Okay, I’m curious about something. When Google wrote a 17 page white paper about flaws in click fraud studies, how many people here read it from start to finish? If you didn’t get a chance to read it back then, you’re in luck. Shuman Ghosemajumder, a product manager at Google, summarizes the high-order bits in two posts, here and here. The two paragraphs that stood out to me were:
Here’s the problem: web logs, whether generated by an advertisers, or by third-party code on an advertiser’s site, cannot directly track ad clicks. Instead, they track visits to a special landing page URL on the advertiser’s site (e.g. http://example.com/?adwords ) as a proxy for how many ad clicks occurred. The assumption they’re relying upon is that each visit to that URL corresponds to a unique click, and vice versa. But in practice this is not the case. Once a user visits that page, they often browse through the site, navigating through sub pages, and then return to the original landing page by hitting the back button. When the landing page is reloaded in the browser, it appears in the web log as though additional ad “clicks” are occurring. Google can count ad clicks reliably as a click on a Google ad will cause the web browser to contact Google and then we redirect it to the advertiser’s landing page. A reload of the advertiser’s landing does not contact Google again. In addition, the referrer URL which is passed by the browser when users hit the back button is actually the original referrer URL (which says the page came from an ad click) which gets cached, so there is no analysis which can be done based on logs alone which can resolve this. This is where the fictitious clicks come from. ….
So is there a solution to this? Yes. Third-party analytics (not click fraud) firms have been aware of the page reload issue for many years, and generally use redirects (rather than web log based tracking) to avoid it. If one is tied to using web site logs (or landing page code generating logs) however, the only solution is to use the AdWords auto-tagging feature. Auto-tagging has been available since 2005, and is a feature which appends a unique ID to the landing page URL for every click, so that the cases of (a) multiple clicks and (b) multiple reloads of the landing page can be easily distinguished.

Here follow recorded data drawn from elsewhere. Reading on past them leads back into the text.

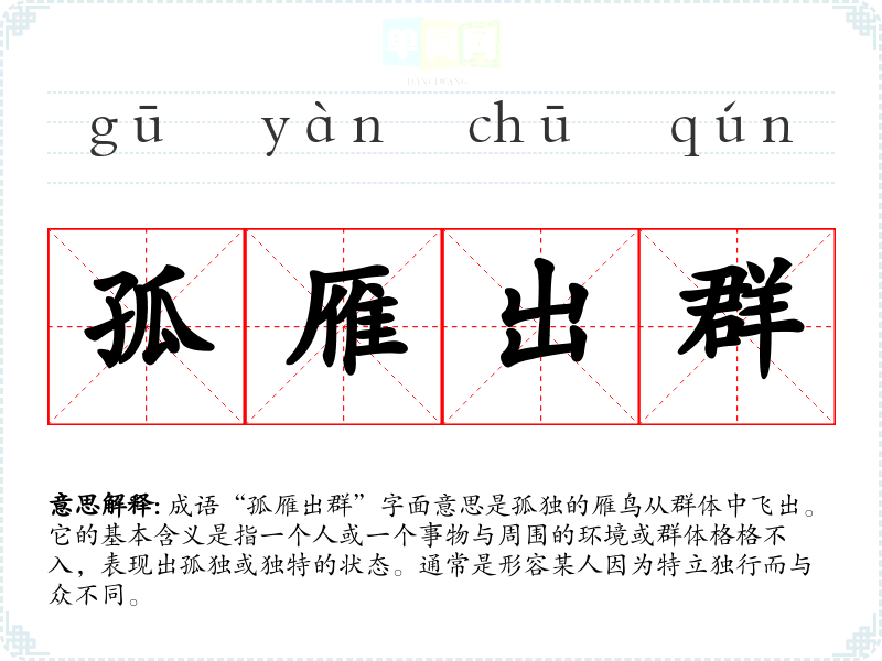 在**文化中,孤雁常常象征着孤独、离别和思乡之情。在现代社会中,随着个体主义的兴起,越来越多的人开始欣赏与众不同的特立独行。这个成语可以用来鼓励人们勇于追求自己的梦想,而不必随波逐流。
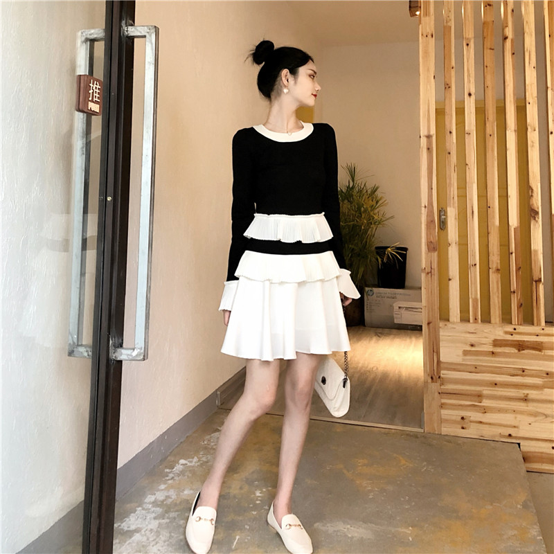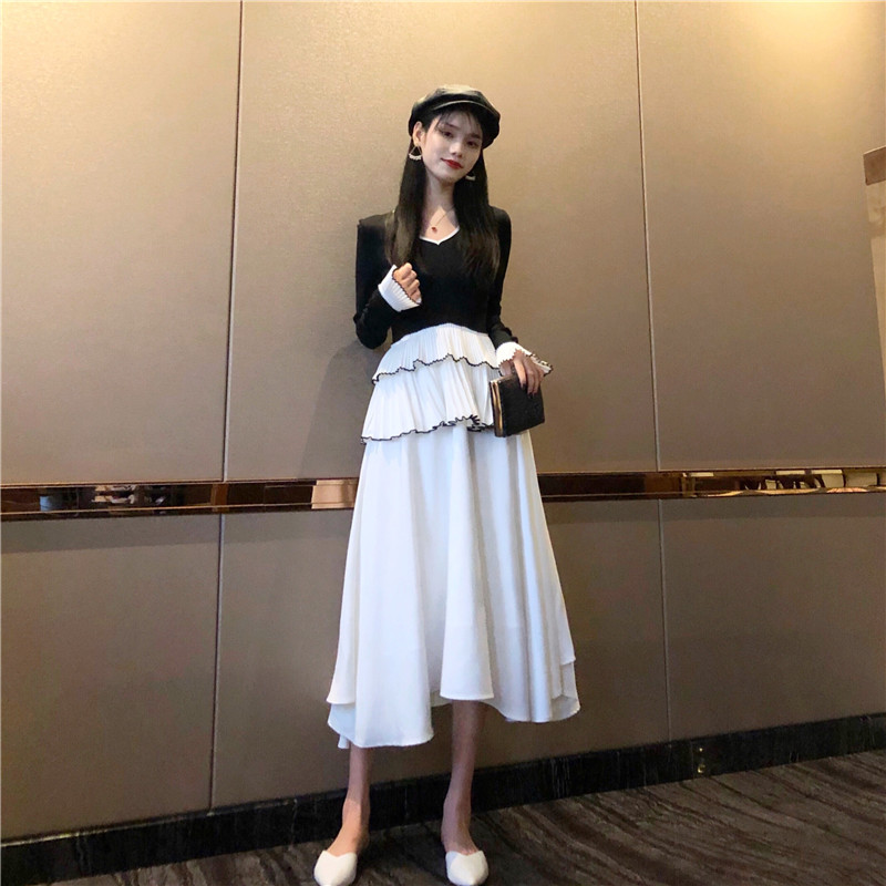 / 公主風韓國復古新款秋冬連衣裙女修身顯瘦氣質收腰蛋糕裙閨蜜裝潮
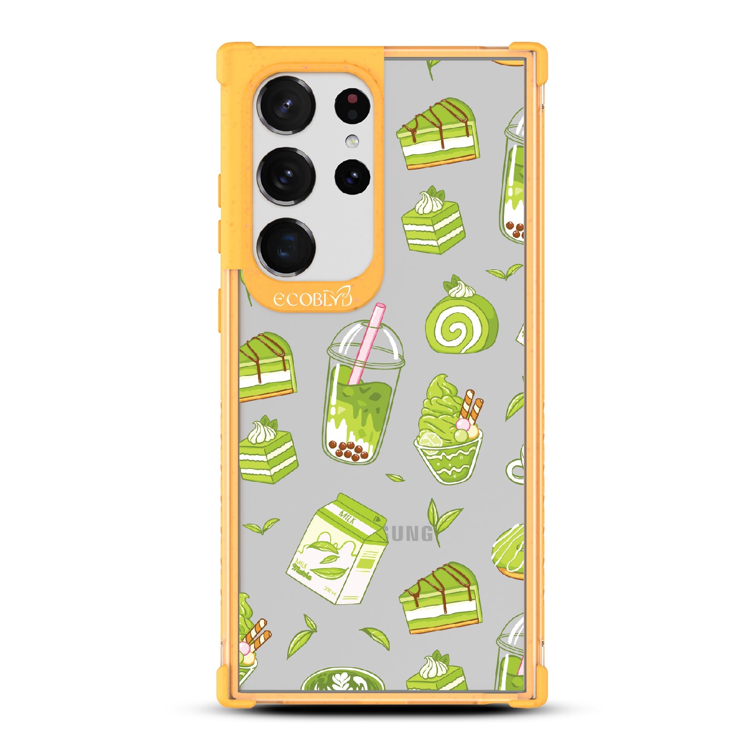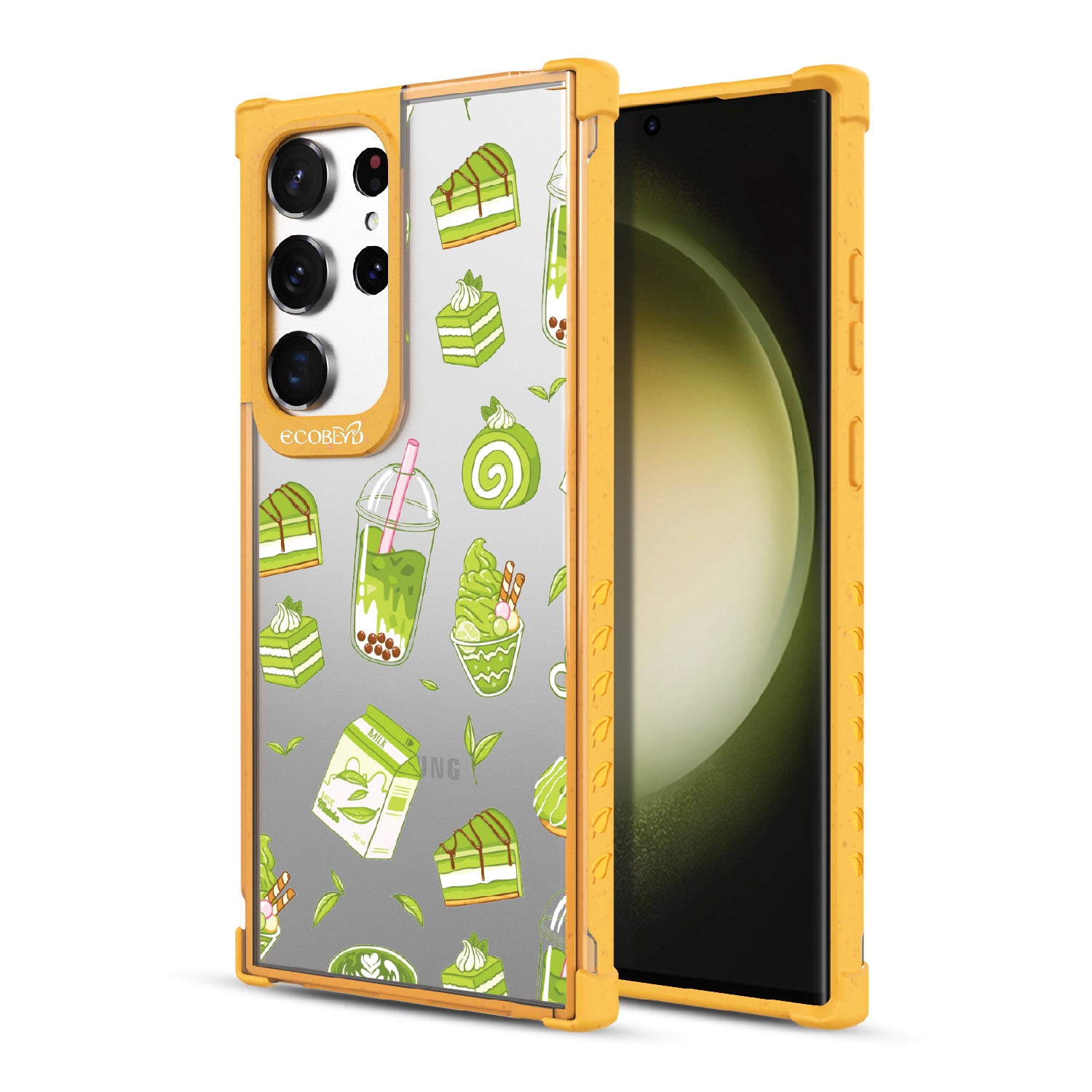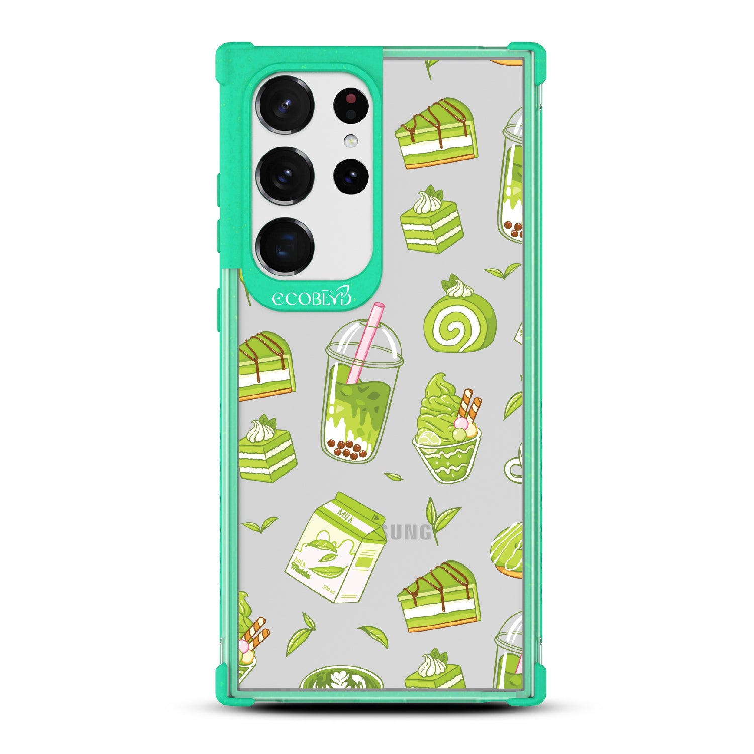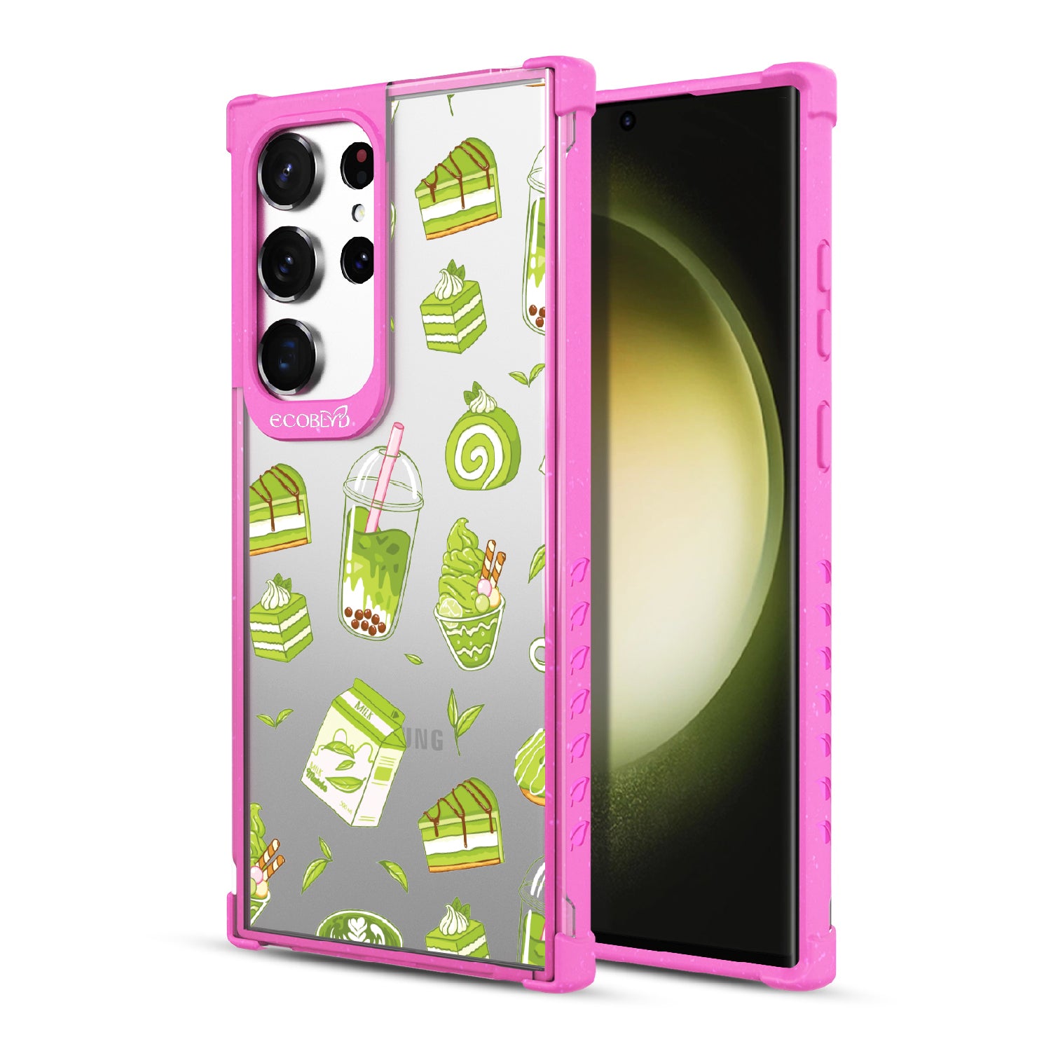 Ice cream and boba, cake, milk, and so matcha more! Overflowing with matcha flavor, this design on our Laguna clear Galaxy S23 Ultra case! brings you a perfect blend of your favorite green treats. Because who ever said there was such a thing as too much matcha?

I think Shuman did a really good job summarizing that logs alone can’t be accurate. To help me visualize it, I tried to draw a picture:
In my diagram, a user does the following
A) clicks on a Google ad and arrives at an advertiser’s landing page
B) hits the reload button
C) navigates to a different page
D) hits the back button
Please pardon my utter lack of artistic skills. If I’m reading Shuman’s post correctly, events A (the click on an ad), B (reloading the page), and D (hitting the back button) can show up in logs as accesses to the landing page. Because in the logs those accesses look like ad clicks, it might look like one IP address is clicking an ad three times.
So how can you tell real ad clicks from reloads/back-button events? Use Auto-tagging, which is a feature that Google has offered since 2005 and that I don’t think any other major search engine offers. What does auto-tagging do? Every ad click from Google gets tagged with a unique id. So if your landing page was “example.com/widgets.html” and you turned on Auto-tagging, an ad click to that page would look like “example.com/widgets.html?gclid=COasyKJXyYECFRlvMAodRFXJ”
Want to know how many unique ad-clicks were delivered to your site by Google? Just count the unique gclid parameters. And if I see the unique id “COasyKJXyYECFRlvMAodRFXJ” show up three times in my log, I know that Google charges me at most once for that unique id (they mention that in the 17 page white paper). I hope Shuman’s post or the diagram above makes it clear that just counting accesses to your ad landing pages in your logs will never give an accurate ad-click count. For example, studies in the 1990s found that the back button accounted for 30-40% of all navigation events. If you turn on Autotagging (which is enabled by default when you link your AdWords account with Google Analytics, or you can turn it on without signing up for Analytics), then you don’t need to worry about reloads or the back button (or opening new windows in IE).
I’m happy to add the disclaimer that I work on webspam in the search quality group, so I’m not an expert on pay-per-click advertising or invalid clicks. If I’ve said anything incorrect in this post, let me know and I’ll happily correct it. But if you’re using AdWords, I would definitely recommend turning on Auto-tagging.
By the way, if this post was at all interesting, I’d recommend checking out that white paper (pdf link). This time start on page 12 instead of page 1.
Update: A good post over at the AdWords blog provides actionable information about exactly how to report suspicious traffic, as well as some answers to common questions/concerns.